Документ взят из кэша поисковой машины. Адрес оригинального документа : http://www.intsys.msu.ru/en/invest/speech/articles/pronunc.htm
Дата изменения: Unknown
Дата индексирования: Sun Apr 10 00:40:59 2016
Кодировка:
Intelligent Systems :: Research :: :: Articles

About automatic correction of wrong pronunciation of foreign words

Dmitry Babin; Ivan Mazurenko, Pavel Aliseichick
Faculty of Mechanics and Mathematics,
Department of Mathematical Theory of Intelligent Systems (MaTIS).

Formulation of a problem of automatic correction of wrong pronunciation of foreign words is introduced. Work of a system constructing the exercises with the help of a teacher is described. Algorithms of fragmentation of sound data into phonemes and of analysis of correctness of pronunciation of a student are suggested. Necessity of voice tuning is explained. Some characteristics of a training system are adduced.

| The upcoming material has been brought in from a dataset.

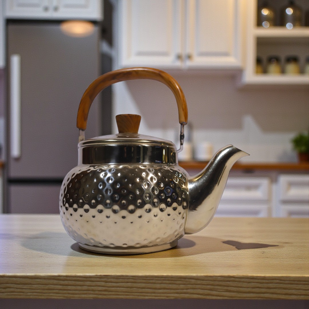 Elevate your tea-time rituals and kitchen aesthetics with this Hammered Stainless Steel Kettle with Wooden Handle, a luxurious blend of traditional craftsmanship and modern refinement. Designed for homeowners who appreciate both function and beauty, this kettle is crafted from premium stainless steel and finished with a striking hammered texture that reflects light elegantly from every angle.

Lately there appeared a large number of systems of automatic training of the foreign languages with an opportunity of demonstration of video and audio information and with input of student's speech. The weakest point in such training systems is absence of appreciation of correctness of pronunciation, as well as localization of errors of pronunciation. The complexity of the problem is explained by large variety of equally correct pronunciations of the different announcers, different conditions of recording of speech and existence of a plenty of types of errors of pronunciation: from incorrect stress and intonation up to wrong pronunciation of separate sounds, that is usually caused by absence of the majority of sounds of foreign language in native language of a student. Thus, the solution of this problem requires work with speech at a level, not dependent on the announcer and allowing an inexact pronunciation of sound phrases.

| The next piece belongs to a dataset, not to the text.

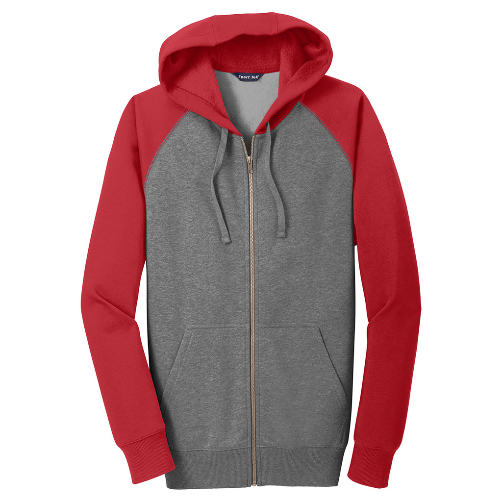 Sport-Tek Men's Vintage Heather/True Red Raglan Colorblock Full-Zip Hooded Fleece Jacket

The authors offer the functioning variant of a system, making it possible to a student to appreciate objectively a degree of correctness of his pronunciation, to classify errors and to listen to a difference of pronunciations of incorrect sounds interactively.

The system works as follows.

To ensure the independence of functioning of algorithm from a voice of a teacher and a student the system in a natural mode of speech dialogue in a language native for the user determines the objective parameters of his speech. These parameters are later used to transform the characteristics of a sound signal to a special voice-invariant form.

The preparation of an exercise by the teacher assumes special processing of sound images of words. The teacher devices a sound signal into fragments corresponding to phonemes of language. After that the system calculates the special parameters of these fragments (loudness, intonation, rate and the correctness of pronunciation). Then the teacher defines allowable deviations of all parameters. For example, the definition of allowable deviations of all parameters of all fragments, except for one, to infinity will result in the supervising by the system of only one phoneme in a phrase.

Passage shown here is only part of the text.